Let’s keep it vested for newer members so it is a carrot stick in the future. This is a clear “YES” for the following reasons:

  1. YFI/YEARN is in early stage growth. As an investor, I am annoyed to be given a small dividend when we are still so early on the curve as far as growth goes. I do not know exactly where the multi-year vision of growth will lead us, but I want Yearn ecosystem to continue to make inroads into DeFI and serve as a lynchpin for the whole space. The “profits” it makes along the way can be better poured into growing the actual ecosystem/protocol/robustness of the product before giving it back to investors. If I as an early Amazon investor, I would not care about getting a dumb dividend. Go spend my profits on making more profits for all of us in the future. Let’s all get wealthy doing this and just grow the pie as it’s still sooooo early.

6-month review + vesting is what’s key. Let’s retain key talent + make sure the V2 ui/ux’s are better than V1 – V1 had too much of a flavour that was not beginner friendly. Lots of good ideas in this thread and I personally feel better about holding my YFI if I know the actual core protocol is creating more revenue/being built out faster and wider in scope.


Mixed feelings, on one hand this helps yearn devs and operation, on the other, I’m not sure if rewarding and allowing voting for all YFI invested in other protocols is a good thing.

I’ve got a few things I want to say:

  • There’s a problem with the value proposition of buybacks. If YFI is bought back and used in operation at about the same rate(the yUSD has to come from somewhere), it defeats the idea that YFI will appreciate due to the buybacks.
    • If the revenue dwarves the expenses, YFI appreciates. But this creates capital inefficiency for the protocol (Huge reserve that is there just to prop up the price of YFI with no voting privileges).
  • Buybacks that increase YFI prices raises the barrier of entry for future contributors.
    • This can be solved by granting contributors YFI accrued through buybacks, but it means more permission will be needed to enter yearn governance instead (a trade off).
  • Allowing YFI everywhere to vote is problematic. I’ve gone through some of the risks of doing this here.

Personally, I think YFI is struggling between two roles: distribution of executive power and operational fund generator.

Most companies issue stocks as an IOU to stock holders in return for funding their operations, not exactly as a ticket to every executive meeting. YFI is currently trying to do both. However, since yearn didn’t create a reserve of YFI on distribution, and the community is largely against minting more YFI, the ability for YFI to fund operations is abysmal.

The problem I see here is this: YFI is currently giving dividends to holders even though it lacks the ability to raise funds for operations. I think yearn needs to do one of two things.

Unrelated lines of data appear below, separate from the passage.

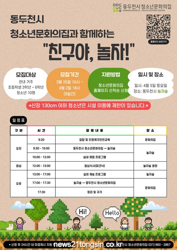 ▲ 사진=동두천시동두천시 청소년문화의집은 오는 4월 5일 관내 청소년들을 위해 동두천시에 있는 놀자숲 테마파크에서 특별한 체험 프로그램을 운영한다고 밝혔다.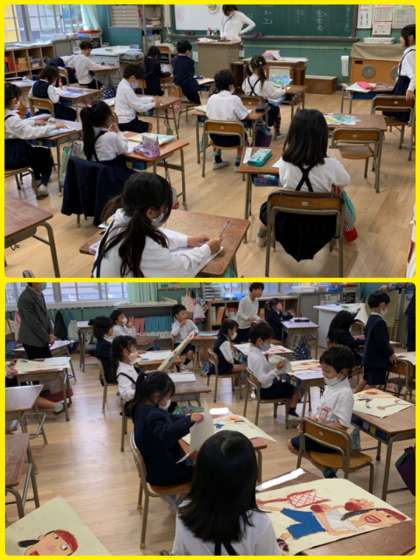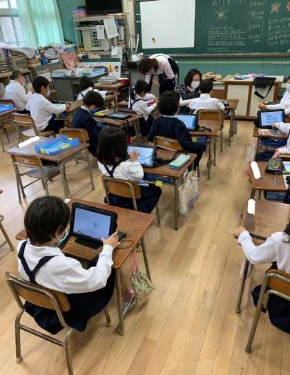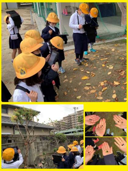 急に肌寒くなってきました。でも、秋を見つけるにはぴったりの季節です。イチョウ、キンモクセイ、ざくろ、かき、オシロイバナのたね…、たくさん見つけていました。タブレットを使いこなす1年生たちです。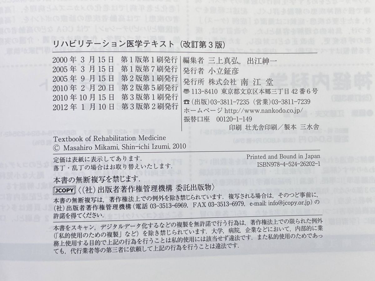 リハビリテーション医学テキスト 改訂第3版 三上真弘,出江紳一 平成24年 2012年発行【z178841】 收藏
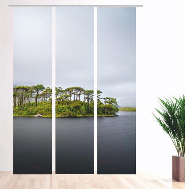 Beeindruckend ist dieses schöne Motiv mit den emporragenden Kiefern aus der grünen Bewaldung der Insel. Stellen Sie sich dieses Bild als neue Fenster-Dekoration in Ihrer Wohnung vor. Da sollte doch dieser Flächenvorhang aus unserer hauseigenen Gardinen-Kollektion aus Thüringen nicht fehlen. Man wird Sie darum beneiden.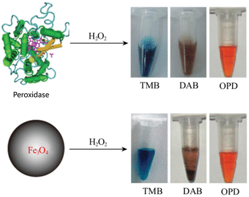 | Fe3O4 | Peroxidase | TMB | 0.374 | 2.6×10-8 | / | ( 62) |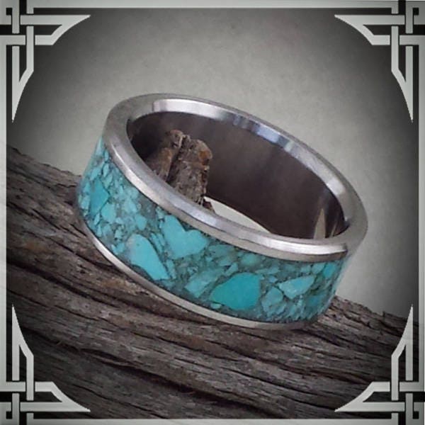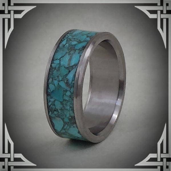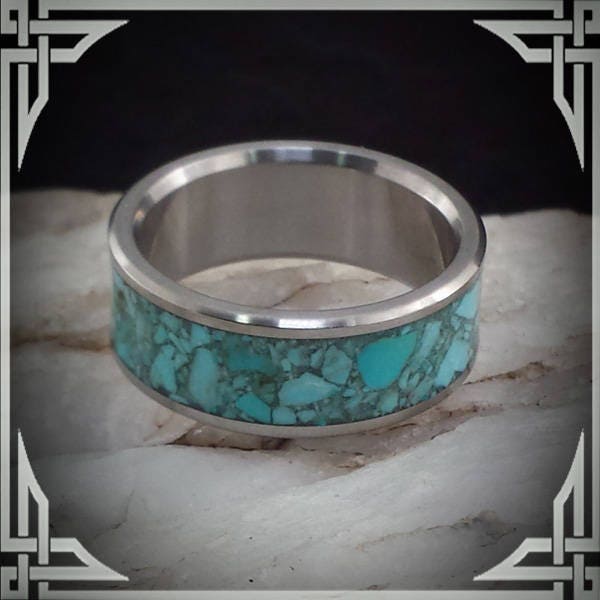 This ring is handmade in Canada from Titanium with a Wide Groove Turquoise Stone Inlay.

  1. Make YFI the cashflow generator for operations, holders get dividends in return.
    • This can be done by doing a one-time or periodic minting of YFI solely for funding yearn operations.


  1. Turn off the dividends, make YFI solely a distribution of executive power, and find another way to generate operational funds.
    • This current proposal behaves more like option 2. This leads me to think that future funding shouldn’t rely on YFI and a separate mechanism should be pursued instead (maybe even another token).

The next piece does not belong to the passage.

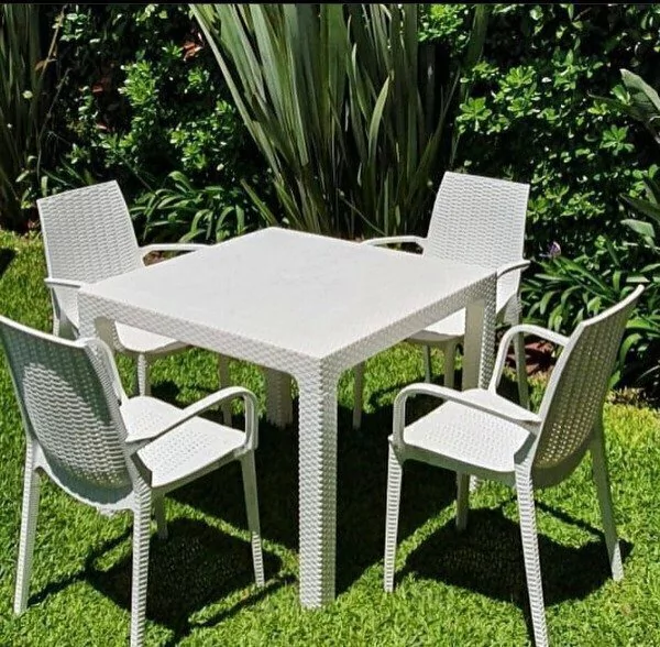 Silla con apoya brazos Melody símil rattan, super resistente y cómoda, gracias a su diseño sencillo y elegante.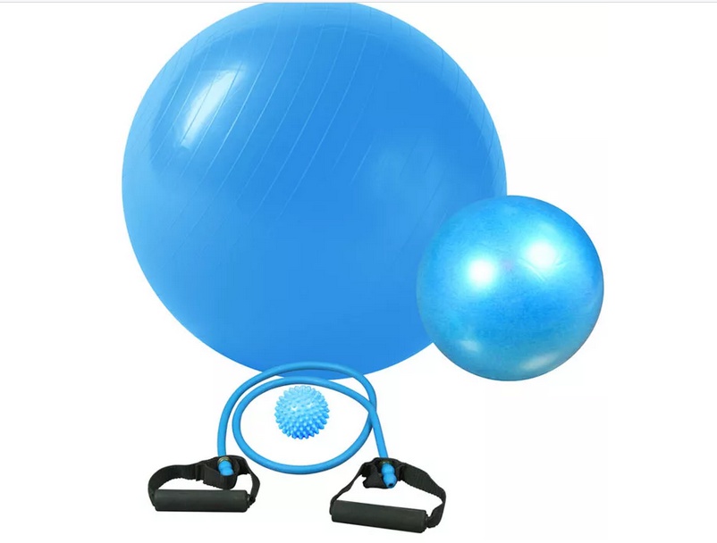 Fitness rehabilitační sada pro cvičení žen obsahuje pomůcky pro běžné cvičení, protahování a lehké posilování.

I believe a separation of the two roles of YFI would benefit the protocol and avoid frequent conflicts of interests down the road.


Wholeheartedly agree with this perspective. Let’s do this.


Just want to echo the notion of using YFI for “build” smartly. Obviously, a fair amount needs to be provided as liquid to staff who are making contributions to pay bills, etc.

But in situations where it is feasible, we should strive to provide time-locked / vesting rewards to help create incentive alignment for the strengthening Yearn (and YFI) long-term.

If this is not done intelligently, then YFI just becomes a pass-through token which earners are liable to dump for fiat, ETH, etc.


@yfi_lit agree, we’re actually very close in our viewpoints (and definitely aligned with our overall aims). I’d just prefer there to be a positive signal in this proposal that we will look at staking rewards (earnings) in the future in the future (e.g. time constraint with the default being a return to the current status quo); you’re happy with the topic being assumed to be still open. It’s just a different viewpoint on what proposals are for / how Governance should work.

Couldn’t agree more. I’d support this proposal with these two items added, plus ideally a little more clarity on anticipate spend of the $10++m per annum in ops fund income it would result in (basically to address @Ceazor 's point of “…I thought the new management /performance fee structure was adapted to address this issue already. Was this found wanting?”).

I think you’re right in your identification of the underlying issue in this and other recent YIPs. As with so many other new distributed organisations, we’re all learning as we go. A more formal separation of these two roles is a very interesting proposal, although I fear the mechanics of undertaking such a split may tear the community apart.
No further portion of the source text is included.